Raab geht essen: Kraft

Jetzt hat sie aufgesperrt, eine der eindrucksvollsten Neueröffnungen 2022. Hier stimmt alles. Auch der Zeitpunkt. Denn wer in diesem Advent allein schon beim Gedanken an Punsch panisch, müde, saftlos wird und dringend echte Energie braucht.
Thomas Raab

Thomas Raab

… lässt sich von nun an inmitten der Bundeshauptstadt tanken. Kein Wienerherz muss sich zu diesem Zwecke mehr extra irgendein Häuschen im Waldviertel zulegen oder mit Bergschuhen neben ein mit „Kraftort“ beschriftetes Taferl stellen. Ein Besuch bei Mama reicht völlig.

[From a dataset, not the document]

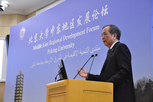 2017年1月24日至25日,“北京大学中东地区发展论坛”在北京大学召开。应邀出席本次论坛开幕式的国内外嘉宾有外交部副部长张明,外交部前副部长杨福昌;俄罗斯总统负责与伊斯兰合作组织及其他伊斯兰国际组织关系特别代表韦尼亚明·V·波波夫博士,美国国家安全委员前中东事务高级主任弗林特·莱弗瑞特教授,阿拉伯国家联盟秘书长代表、阿拉伯国家联盟驻北京办公室代办穆罕穆迪·沙菲博士,海合会最高委员会咨询机构成员、阿联酋政策研究中心主任伊卜提萨姆·凯特比博士,伊朗德黑兰大学世界研究院前院长穆罕穆德·马兰迪博士,北美阿拉伯银行家协会前主席哈尼·冯德克利博士;外交部相关司局负责人、中国驻中东地区国家的前大使和资深外交官,中共中央对外联络部、国务院发展研究中心、中国社会科学院、全国友协的领导和专家;苏丹、俄罗斯、卡塔尔、突尼斯、也门、伊拉克、巴勒斯坦等国驻华大使,阿曼、巴黎、利比亚、摩洛哥、阿联酋等国家驻华使馆的代办、公使,以及来自阿尔巴尼亚、巴黎、伊朗、约旦、科威特、哈萨克斯坦、吉尔吉斯斯坦、毛里塔尼亚、摩洛哥、沙特、突尼斯、美国、法国使馆的代表。北京大学校长林建华、北京大学副校长李岩松、校长助理王博、北京大学燕京学堂院长袁明,以及北京大学外国语学院、历史学系、国际关系学院等相关院系的领导与师生参加了本次论坛。

Jetzt ist Mama natürlich nicht gleich Mama, die Palette endlos: von Konstellationen, da raubt allein schon der Gedanke, doch mal wieder bei Mama vorbeischauen zu sollen, die letzten Energiereserven; bis zu längst erwachsen gewordene Vögel, die aus Mamas Nest einfach nicht rauswollen.

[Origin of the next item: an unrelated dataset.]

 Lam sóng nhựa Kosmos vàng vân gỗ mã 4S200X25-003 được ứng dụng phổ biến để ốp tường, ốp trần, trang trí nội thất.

Verdammt mutig also, ein Restaurant genau so zu benennen, MAMA, Erwartungshaltungen zu schüren, im besten Fall nach Geborgenheit, Sättigung, Liebe. Wobei: Wenn’s schon zweimal so hervorragend geklappt hat? VIVA LA MAMMA dort, MAMA & DER BULLE da. Warum sich keinen Kraftort daneben trauen, bauen, brauen? Ergo: MAMA KRAFT. Klingt episch.

Die Treppe hinab in dieses Kellerlokal zu steigen, vorbei an zwei aufpolierten, riesigen Kupferkesseln, beeindruckt und beruhigt aber zugleich, lässt den Schmäh erkennen. Kraft ist Craft. Bier, das nicht hoch industrialisiert gebraut als Massenware in Supermarktregalen landet, sondern handgemacht vor Ort im Glasl. In diesem Fall eines mit zartem Gestell, Ballerina mit Tutu, oder ein dermaßen elegantes, graues Krügerl mit rotem Mama-Herz drauf – der Gedanke kommt, es von der langen, als Bar gebauten Schank in die Tasche wandern zu lassen. Rundum Gemütlich- und Lässigkeit. Die durchgehende Sitzbank, die Eichenholz-Tische, der dunkelgraue Schieferboden. Die roten Rohre, die Pop-Art-Wandgemälde, das Ziegel-Gewölbe. Mittendrin Mamas Kraftquelle, eine Labstelle, um eigenhändig Bier zu zapfen. „Nur keine Leitung verstecken. Unsere Gäste sollen von der Brauerei umgeben sein und sich zugleich geborgen fühlen. Zu Hause!“ Funktioniert perfekt. Das geht eben gewaltig nach vorne los, ein visionäres Gastronomen-Ehepaar wie Gabriele und Robert Huth während eines langen Corona-Lockdowns zu Hause einzusperren, „wo du an allem zweifelst, keine Kultur mehr, keine Touristen, keine Menschen. Was tun? Wir brauen unser Bier einfach selbst. Für die gesamte Gasse!“ Dieses Grätzel.

Diese Stadt.

Jetzt hat sie aufgesperrt, eine der eindrucksvollsten Neueröffnungen 2022. Hier stimmt alles. Auch der Zeitpunkt. Denn wer in diesem Advent allein schon beim Gedanken an Punsch panisch, müde, saftlos wird und dringend echte Energie braucht, voilà: Mama Kraft (das Helle), die Herzdame (Rotes Lagerbier), das Wit Bul (Weizen Bier), wer mag, sogar im prächtigen Zwei-Liter-Kraft-Growler (ein Biertransportgefäß mit Henkel) – auch für daheim. Prost.

Beim Reden sollen ja bekanntlich die Leut’ zusammenkommen. Um Orte wie diese dafür zu schaffen, reicht Reden allerdings nicht aus.

Menschen braucht es, immer, die für ihre Sache brennen und rennen, unaufhörlich. Die wirklich gerne eine sind, mit Herz, nicht nur auf und in ihrem Krügerl, sondern vor allem dahinter: Mama.